Still, plenty of Europeans think decriminalizing marijuana is reefer madness. Even in Holland, 40% of those polled want the sale of soft drugs banned again, and 80% of localities bar the cannabis coffee shops. But advocates of coffee-shop sales think there's a major gain in isolating marijuana users--75% of whom are recreational dabblers, smoking once a week or less--from dealers who peddle harder drugs. "Separating these markets has resulted in less heroin use among young people," says Janhuib Blans from the Jellinek Center in Amsterdam. Today the average age of Dutch heroin addicts is rising steadily and has reached 40; a retirement home for junkies has even been opened. Peter Lilley, former deputy leader of the British Conservative Party, caused a stir recently by backing the sale of cannabis in licensed shops for off-premises consumption, just like liquor. The drug would, like booze, carry health warnings and be taxed. But unlike in Holland, it would be procured legally from licensed growers. He thinks this will hurt drug syndicates and help make dope "simply boring"--the same reasons advanced by Swiss officials for a new law permitting legal production of marijuana for purchase by Swiss residents.

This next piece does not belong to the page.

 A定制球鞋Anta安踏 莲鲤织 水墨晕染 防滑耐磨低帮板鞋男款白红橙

European liberality is unlikely to make a dent in Washington, where President Bush has said drug legalization "would be a social catastrophe." Despite rising numbers of marijuana arrests, the U.S. remains wedded to strict prohibition. But Washington will have to watch out for hemp-scented clouds blowing from north of the border. The Canadian Bar Association, the Royal Canadian Mounted Police and the Canadian Association of Chiefs of Police all conditionally support decriminalizing the possession of small amounts of pot. So does Joe Clark, a former Prime Minister who is leader of the opposition Conservatives.

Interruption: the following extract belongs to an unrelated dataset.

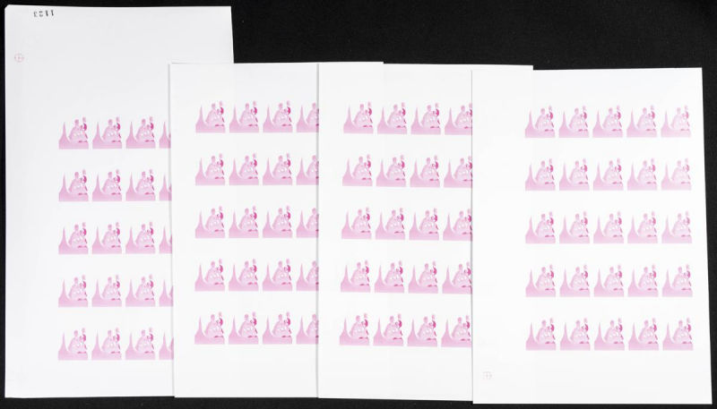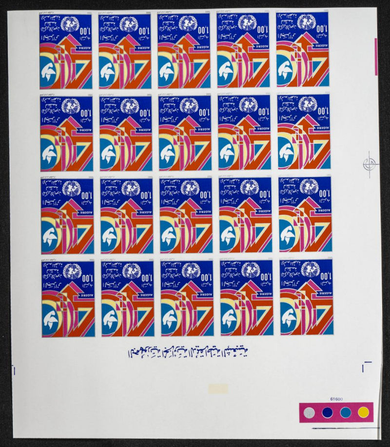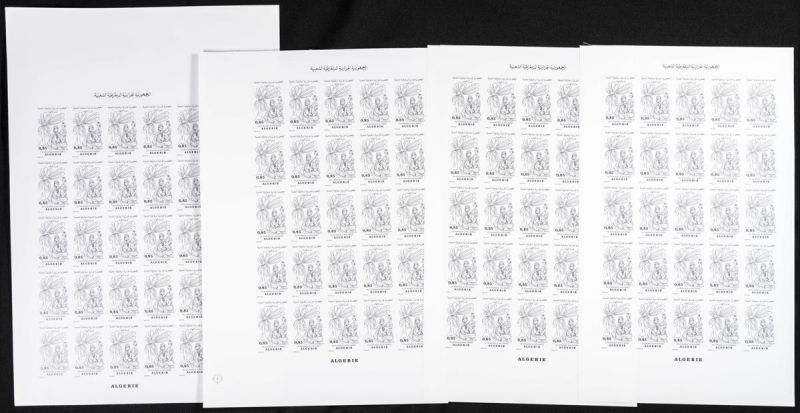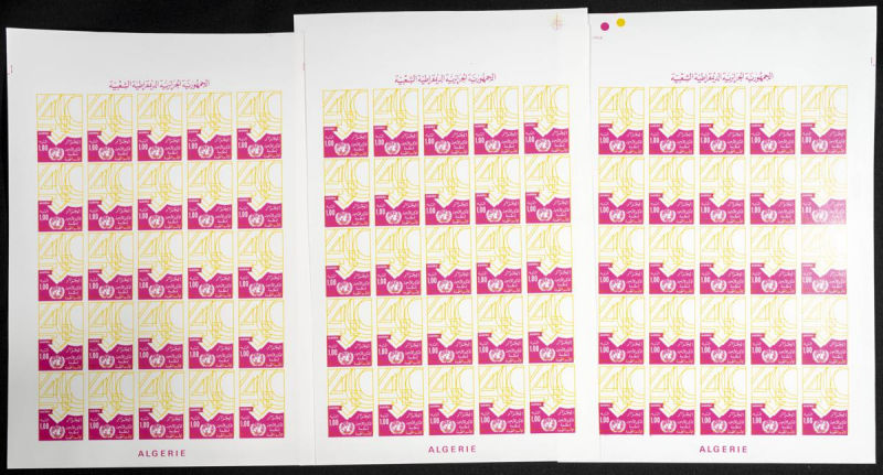 |**|Yvert 841. 1985. UNO anniversary. Group of progressive plate proofs of the set. TO EXAM. Description of lots is limited to the cataloguing of the stamps and their characteristics. The total of the material included in each

It's already a lucrative export: British Columbia's underground marijuana industry employs an estimated 150,000 people and earns some $4 billion a year, sending as much as 95% of the output to the U.S. A recent pot poll shows that 47% of Canadian voters back its legalization. One entrepreneur estimates that will happen in two years; he is already drawing up plans for a string of cafes along the 3,987-mile U.S. border, proffering high-quality weed to go, in vacuum-sealed bags.

Washington will squawk as loudly as it can if Ottawa comes anywhere close to legalizing the pot trade. But as Europe is learning, it may be easier to knock down rogue missiles than to beat back a consensus among allies and neighbors who think it is smarter to live with cannabis than to fight it.